Many people in California may be interested in exploring the potential of commercial real estate as an investment venture. Commercial property offers different opportunities than residential real estate. Contracts tend to be bigger and longer, and the profits can be substantial, especially in a desirable or growing market. However, the market can also seem confusing, especially for a newcomer. In order to get a head start in the commercial real estate field, it can be important to expand your knowledge about how properties are valued.
Commercial property may offer greater value
Unlike residential real estate, the value of a commercial property is directly tied to the square footage available for use. Leases are longer for most businesses than they are for residential rentals although apartment buildings and other multifamily structures may also form part of a commercial real estate portfolio. Because many commercial properties are rented by businesses, the cash flow involved can be substantial.
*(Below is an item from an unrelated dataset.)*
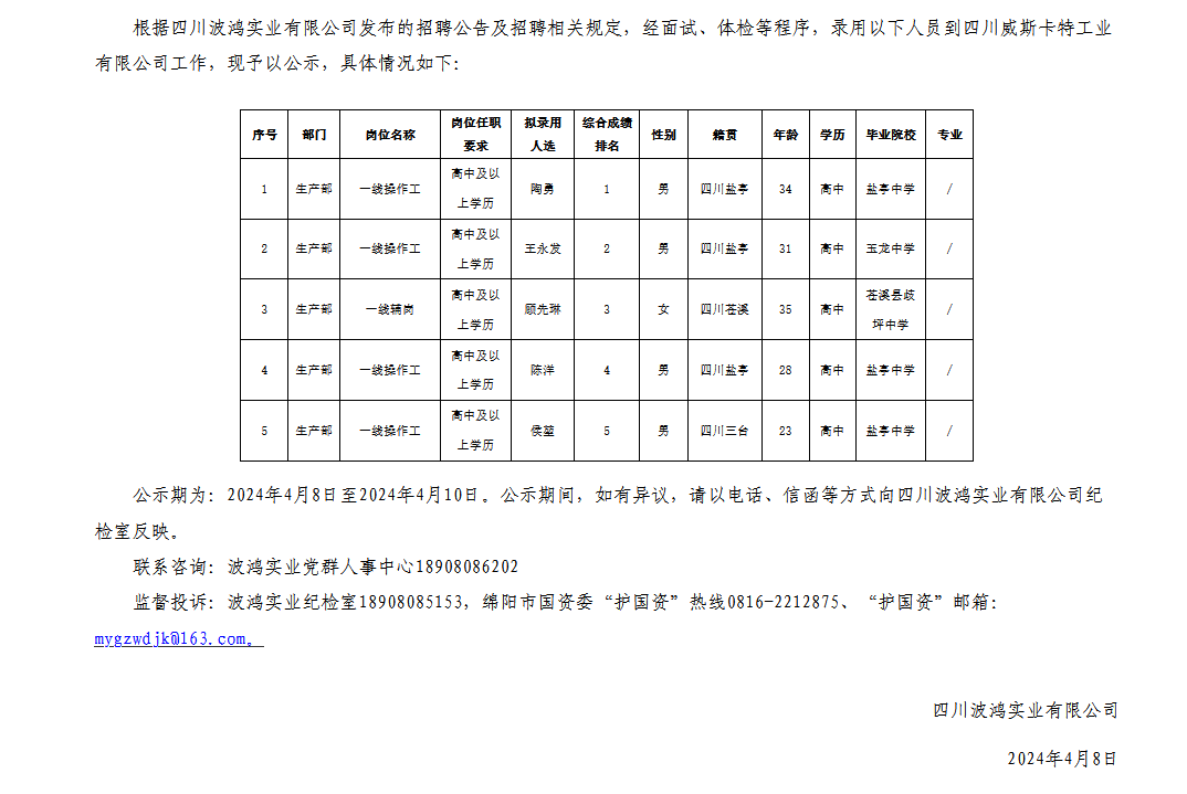 四川波鴻實(shí)業(yè)有限公司關(guān)于3月招聘四川威斯卡特工業(yè)有限公司一線崗位擬錄用人員的公示

At the same time, the cost of entry into the market is higher than for residential real estate; most lenders want to see that you have at least 30% cash to put down.
Keep an eye on finances
One of the keys to making money in the commercial property field is recognizing a good deal or a property that is undervalued. At the same time, it is important to watch out for potentially costly damage. By evaluating the net operating income (NOI) for a commercial property, you can evaluate your expected income from the property and subtract necessary expenses. Make sure to keep all of the costs of running a business in mind to ensure a positive NOI.
Commercial real estate investments can be profitable, long-term holdings that provide substantial value and appreciate in value. When concluding a commercial property transaction, a real estate attorney may represent your interests in negotiations.